She’s Nadine the African Queen.
The man told him this. The man with the cigar.
Mike says, “Sean. Sean.”
He takes another step. And another. And—
HE DOESN’T really know how he became so angry.
Wait.
That’s a lie.
He knows how he became so angry. He just doesn’t know how he let it happen.
He’s angry because that’s how he was raised to be.
Sure, he had his mama, and she was a good woman, a hardworking woman, a woman who life saw fit to beat down as much as it could, knowing she would drag herself right back up and keep on trucking. “It’s what we do, bucko,” she said to him more than once, her fingers sometimes taped together or her lip split in two different places. “It’s the only thing we can do.”
He’s not angry because of her. He loved her as much as a boy could love a strong woman who chooses to stay in a house such as this. She shielded him from the worst of it, took the beatings in his place. As he grew older, he resented her sometimes, that she hadn’t just taken him and run as far as she could. They might not have made it very far, but at least it would have been something. At least he would have known there was the steel in her spine like he sometimes saw in her eyes.
No, he’s not angry because of her.
His father, though.
His father is another matter entirely.
His father was a big man, bigger than any man he’d ever seen before. Maybe it was just the fact that he was his father, and all boys see their fathers as larger-than-life. But maybe it was also because his father was six foot something and had hands the size of the canned hams they had at Christmas. And it wasn’t just his size. His father filled any room he was in, his loud, raucous laugh, the way he bellowed when he was telling stories. He’d clap his meaty hands on your back and you’d feel like you’d been thunderstruck the way it rolled through you, the vibrations causing your teeth to clank together.

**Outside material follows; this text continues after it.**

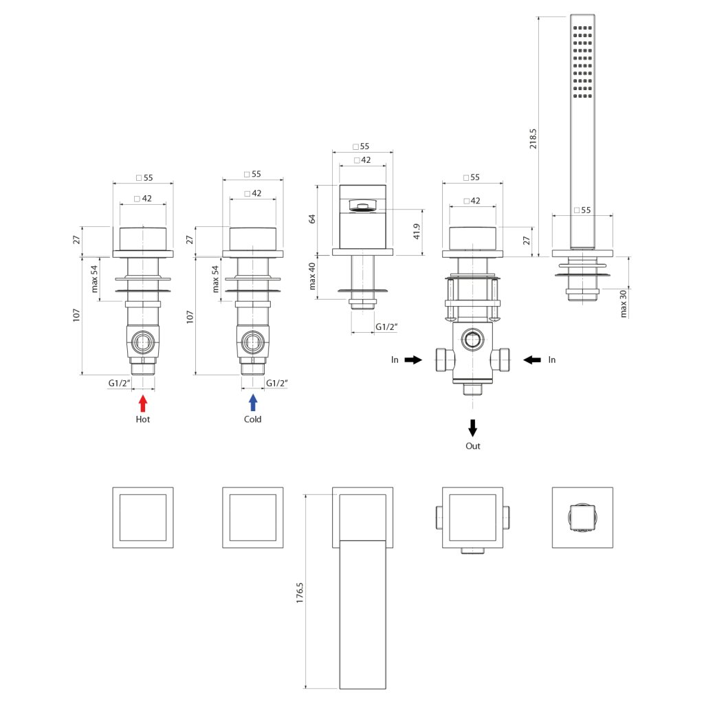 Sapho, DIMY pětiprvková baterie na okraj vany, chrom, DIMTECH5

His father was not a nice man.
Sure, he could be nice, when he wanted to be.
There’d be times they’d go to ball games together, or they’d go to the movies and prop their feet up on the seatbacks in front of them, shoveling popcorn and Junior Mints into their mouths because they tasted better together than separate. His father would talk through the previews, whispering things like “Oh, that one looks good, we’ll have to go see it when it comes out” or “Nah, that looks stupid, bucko, why would we waste money on that?”
He was nice sometimes.
But that didn’t make him a nice man.
Because he wasn’t a nice man. They’d go to ball games, sure, and they’d go to the movies (where his father would become a minute-long movie critic during the previews), but he also made his meaty hands into meaty fists, and he’d stumble in at one o’clock in the morning smelling like he’d bathed in booze, and he’d be shouting, and his mother would tell him to be quiet, be quiet, you’ll wake up bucko. He’d hear them from down the hall in his bedroom in their shitty fucking trailer, his scratchy blanket pulled up and over his head, trying to block out the sounds as best he could.
It never did a very good job.
He learned very early on what a meaty fist hitting soft skin sounded like.

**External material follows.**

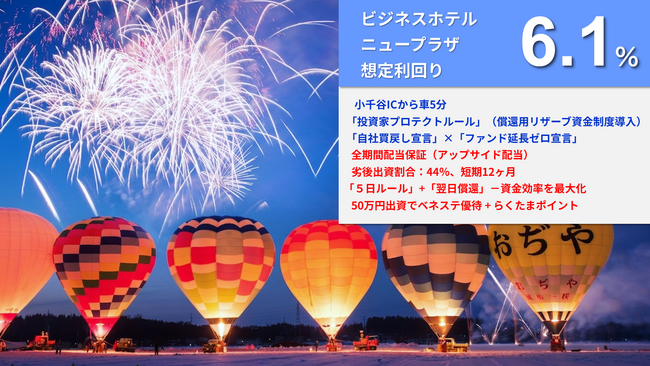 新ファンド公開!『らくたま39号(ビジネスホテルニュープラザ)』4月6日12時より募集開始!

It went on for years and years.
He worked hard, knowing it would be the only thing that would get him out.
His father rarely raised a hand to him, mostly because his mother was there, standing between the two of them, taking his lumps as well as hers.

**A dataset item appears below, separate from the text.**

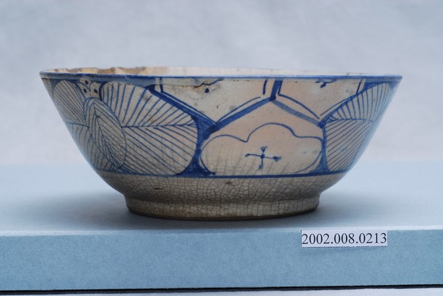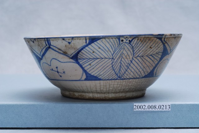 青花葉紋敞口碗,敞口,圓唇,弧壁下收,圓腹,碗底寬大,底有圈足。全器施白釉,以鈷料彩繪裝飾,採疊燒技法,碗心一圈刮釉,碗內壁僅中央飾有雙線弦紋,其餘面積保持素面,碗外壁飾青花細線條繪製而成的圓葉、葉脈與花朵紋樣,唇部以青花塗滿。此碗表面佈滿細小開片,碗內壁一側、碗外壁腹部下半與圈足尤其明顯,口沿可見碰撞缺口與裂縫,可見應被頻繁使用過。

He hated her sometimes, hated the way her eyes were dulled. He wanted to scream at her to just run, even knowing that his father would follow them.
She knew, too. She knew that he resented her every now and then, and she’d whisper fiercely in his ear, “You make sure you get out of this. You make sure you get a better life than this. Don’t you ever become like he is.”
And he did.
He graduated just as the century turned, and there was a bright and shiny scholarship waiting for him with open arms, promising him a future that his mother would never have. And his parents stood at his graduation, his mother with tears in her eyes and his father with his arms crossed over his considerable chest. His name was called and he crossed the stage, taking his diploma, shaking hands with people he’d soon forget, and there was the briefest of moments when he caught his father’s eye. His father nodded at him, and he thought, I am better than you. I won’t be like you. I will never be like you.